Michael Crawford's first movie. His grandfather in the film drives a tiny BMW Isetta. It has only a slightly longer wheelbase than the soap box racers.

I thought soap box derby racers just rolled downhill propelled only by gravity, but England is pretty flat. The things these kids build were pedal-driven. 

I had never heard of the movie before, but it was reportedly shown on the CBS Children's Film Festival on Saturday morning TV.

Free on Movieland.Tv or the Classic Comedy Channel or with a subscription on BFIplayer Classics.

Only 64 minutes, but it has a lot of plot.

Sunday, February 2, 2025

The Love God? (Don Knotts, 1969)


Covers some of the same territory as The Seven Minutes. There's a short obscenity trial.

Don Knotts stars as Abner Audubon Peacock IV who publishes a failing birdwatching magazine. It is saved from bankruptcy by a pornographic magazine publisher (Edmond O'Brien) who wants it for its 4th Class Mailing Permit.

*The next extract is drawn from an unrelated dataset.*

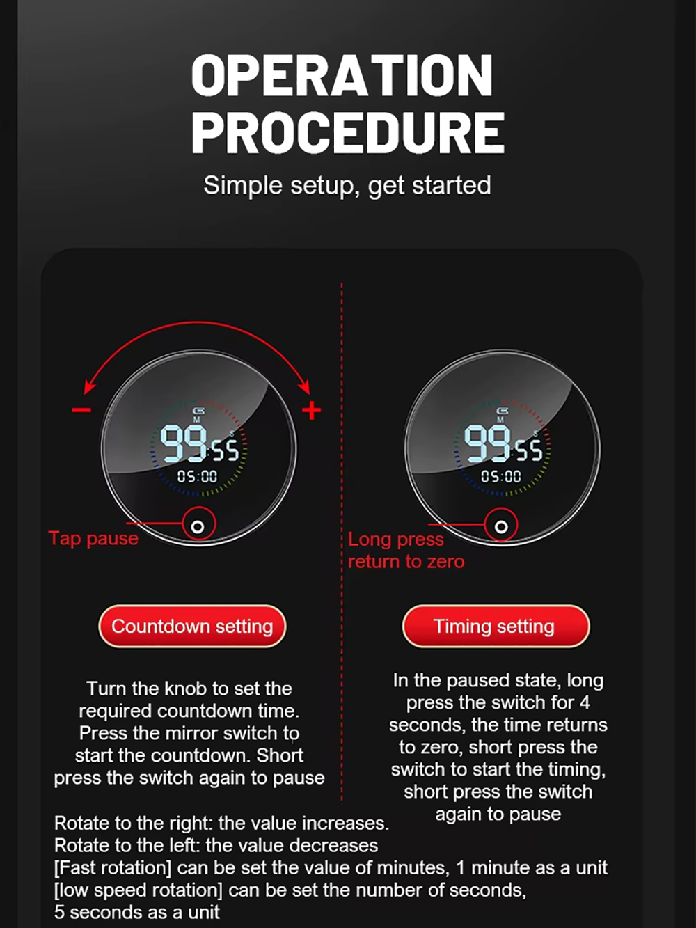- User-Friendly Operation: The large digital timer is incredibly easy to use. You can adjust the time simply by twisting the outer ring, and start or stop the countdown with a single touch of a button. Perfect for anyone, regardless of technical skill level.

Abner becomes known as a pornographer. He's shunned by his community. He had been a scout leader. Now parents shield their children from him. He is about to commit suicide when a couple guys from an ACLU-like organization offer to defend him in court from obscenity charges.

My older brother and sister wanted to go to this in 1969, but our parents wouldn't let them because it was rated PG. In fairness to my parents, The Prime of Miss Jean Brodie was made the same year, was rated PG and had a nude scene and a teacher molesting a student. When Gone with the Wind was re-released in the '60s it got a G-rating and it was a bloody war movie with implied nudity, implied marital rape, slavery, prostitution, the horrible death of a horse, a man having his leg amputated without anesthesia and a dead body dragged across the floor leaving a long bloody smear, all in technicolor. Ratings had entirely different meanings back then.

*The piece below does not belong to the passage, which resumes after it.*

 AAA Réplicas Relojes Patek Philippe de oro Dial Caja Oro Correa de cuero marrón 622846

According to Wikipedia, The Love God? is now rated PG-13.

Now that I've seen the movie, I can tell you my parents were right. I don't know why I found it so disturbing.

Don Knotts isn't the blowhard he is in his other movies. The Mafia has taken control of the magazine and he's forced to become a bizarre Hugh Hefner-like figurehead for the publication. He goes back to his old girlfriend waiting for him in their small town. Before they can marry, her father, a pastor, insists that he call a press conference and tell the world the truth, that he is a virgin. Knotts is horrified but sees no way out. 

It was a failed attempt to put Don Knotts in a comedy aimed at adults. Sadly, the public didn't go for it. If it had, Knotts might have been the poor man's Woody Allen. 

Free on Movieland.Tv and Amazon Prime.